The founders’ idea was efficient because of its sheer simplicity. Customers would share their emails, bank and credit card information, and in return, they could make low-cost payments, fast.

As no one had been focusing solely on the burgeoning digital market between consumers and businesses, PayPal took off quickly.

Then, in 2000, Elon Musk – who had a similar business, X.com – became interested. He orchestrated a merger between the two companies and quickly realised that PayPal was far more profitable.

Before the creation of PayPal, early retail sites were left with no other choice than to take payments in cheque form, or through money orders. The genius of Levchin and Thiel’s idea is partly its innovativeness, and partly the simple fact that no other company had noticed the gap in the market for an online payment system.

It’s no surprise that small businesses, online merchants and consumers quickly got on board. Within three years, PayPal had handled more than $3 billion in payments from over 10.2 million individuals and 2.6 commercial customers.

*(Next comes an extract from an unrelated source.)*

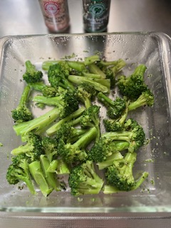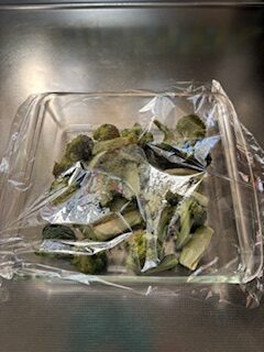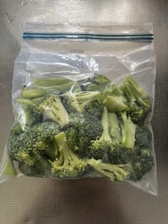 (夏場は干してからすぐですと熱がこもっているので、すぐに冷凍すると水滴がでるので、ブロッコリーを少し置いて温度を下げてから冷凍します)

In 2002, PayPal became a publicly-traded company, and their stock grew to 55% on NASDAQ. It was a huge success in a very short space of time, and few could have predicted it.

PayPal logo

PayPal Today

If you’ve ever used eBay online, you’ve likely heard of PayPal. In July 2002, eBay Inc. acquired PayPal for the low, low price of $1.5 billion – which makes perfect sense. PayPal has been and remains the first choice of payment for most eBay users.

This acquisition only served to help PayPal’s exponential growth.

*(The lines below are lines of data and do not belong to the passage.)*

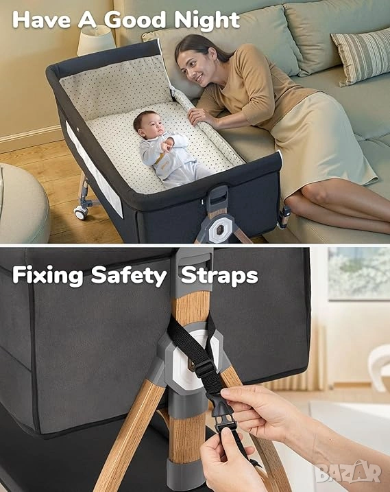 Сигурно и стабилно нощно креватче: Разполага с регулируеми презрамки за здраво закрепване на това нощно креватче към легла за възрастни (подходящо за ширини 1,2 м, 1,5 м, 1,8 м). Здравият триъгълен дизайн на рамката осигурява отлична стабилност, предотвратявайки преобръщане или движение за безопасността на вашето бебе точно до вас.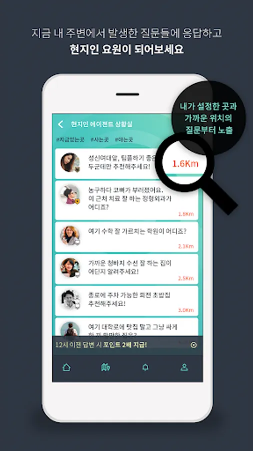 -Only people who are within 3km are exposed to the question you entered.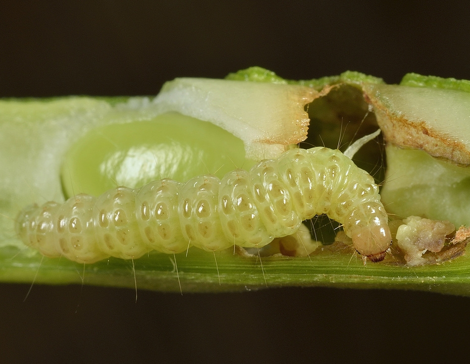 ◦ 개화기에 줄기나 엽병 표면이 황갈색으로 변색되며, 벌레 똥이 보이므로 발생을 인지할 수 있으며, 줄기 속으로 먹어 들어가서 줄기 안에 벌레똥만 가득 찬 경우도 있음

In 2005, PayPal acquired VeriSign Payment Solutions, then Braintree Payments in 2013.

But in 2014, an investor in PayPal, Carl Icahn, had had enough. He spearheaded a huge public campaign that demanded PayPal split from eBay to enjoy further growth and provide more valuable services. By July of the same year, PayPal was a public company once more.

On its first official trading day as a public company, the market value of PayPal reached $49 billion. And to top it off, the new market value exceeded that of eBay’s!

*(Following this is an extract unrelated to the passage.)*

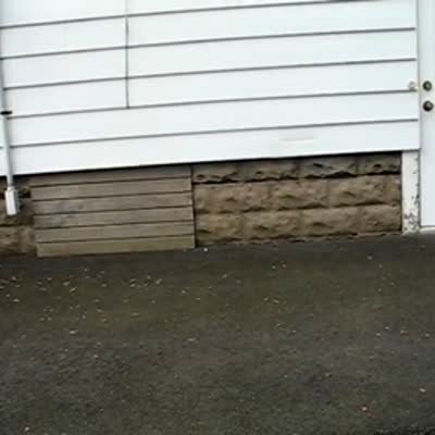 A man steps on squeaky toy on front porch and falls down. Security Footage

Since then, PayPal has only continued to grow. Of course it has. Did you know that PayPal enables users to withdraw funds in 56 currencies, hold them in 25 and receive them in over 100?

Today, PayPal has around 346 million active accounts worldwide. In 2019, 12.4 billion payments were made through the company, and the numbers only go up each year. E-commerce is going nowhere, and while it’s the first choice for consumers, PayPal will continue to boom.

What do you think about PayPal? Do you have an account?